Химия научила нас правильно произносить слова этого иностранного языка, а биохимия и молекулярная биология с их рецепторами и нейронными связями объяснили, каким образом разные виды живых существ понимают и интерпретируют химические послания и какими поведенческими моделями на них реагируют. Что касается людей… здесь мы только начинаем понимать, почему запахи имеют над нами такую власть и как им удается так мощно и напрямую вызывать эмоции и будить давно забытые картины прошлого.
Итак, мы раскрыли несколько секретов, долго хранившихся в глубочайших недрах наших носов… мы даже до некоторой степени поняли, как молекулы, прилетающие из окружающей среды, порождают у нас в мозгу ольфакторные образы. Но все равно остается вопрос: вдруг за всей этой наукой мы утратили магию ароматов, то волшебное, ускользающее ощущение, которое всегда сопровождает знакомство с запахом? Не разучились ли мы связывать приятные запахи с поэзией, романтикой, красотой?

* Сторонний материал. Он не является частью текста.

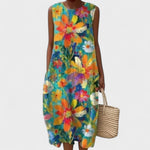 Ta lahka in zračna obleka popolnoma združuje stil in praktičnost, kar vam omogoča svobodo gibanja in sofisticiran videz ob vseh priložnostih. Njen sproščen kroj in cvetlični vzorec jo naredijo idealno izbiro za plažo, sprehod po mestu ali poletne srečanja.

К счастью, ничто не мешает нам отложить на время все научные факты и дать чарующему аромату взять нас за руку и увести в царство эмоций и воображения. Но бывает так, что чары неведомого не выдерживают столкновения с новой реальностью и пугливо рассеиваются, стоит нам сесть за изучение нового языка или просто начать лучше узнавать любимого человека. Поверхностная прелесть тайн и магии уступает место верному знанию, в котором и заключается высший интерес и высшее наслаждение для всякого человеческого существа. Стремление к познанию побуждает нас совершать самые авантюрные открытия, а самое прекрасное в них – то, что эти приключения не заканчиваются никогда. Откройте дверь – и перед вами предстанут новые двери, ждущие, чтобы их открыли, а за ними – целые страны, о которых вы даже не подозревали, и новые сюрпризы, и новое волнение.
Понимая, как устроены обоняние и механизмы восприятия, структура белков-рецепторов и сложные нейронные связи между периферией и мозгом, мы можем вписать химическую коммуникацию в более широкий культурный контекст. Муравьи и пчелы поддерживают сложнейшую организацию своих социумов с помощью изощренной невидимой сети ольфакторных сообщений, гибкой и постоянно меняющейся, но при этом очень стабильной и даже грубой, – чтобы правила сообщества выполнялись неукоснительно и жизнь гнезда шла своим чередом. Слизевики тоже состоят из отдельных организмов (в данном случае клеток), умеющих при необходимости собираться в единое организованное целое. Нейроны человеческого мозга довольно просты, если рассматривать их по отдельности, но во взаимосвязанном состоянии способны на поистине великие дела. Клетки нашего организма все имеют разные задачи и дифференцируются в соответствии с ними.
В этом смысле наше тело представляет собой сверхорганизм, разные части-клетки которого выполняют четко определенные задачи, служащие на благо целому, и готовы совершить массовое самоубийство, когда им придет пора уступить место новому поколению себе подобных. Весь этот потрясающий часовой механизм регулируется молекулами: одни из них исполняют роль посланников, а другие – адресатов. Улей и муравейник в чем-то похожи на эту систему, но можем ли мы реально говорить о них как о сверхорганизмах? Во всяком случае, индивидуальность в этих системах в значительной степени утрачивается и насекомые безоговорочно готовы заплатить за выживание общины собственными жизнями. И если к социальным насекомым применима идея суперорганизма, как насчет человеческого общества?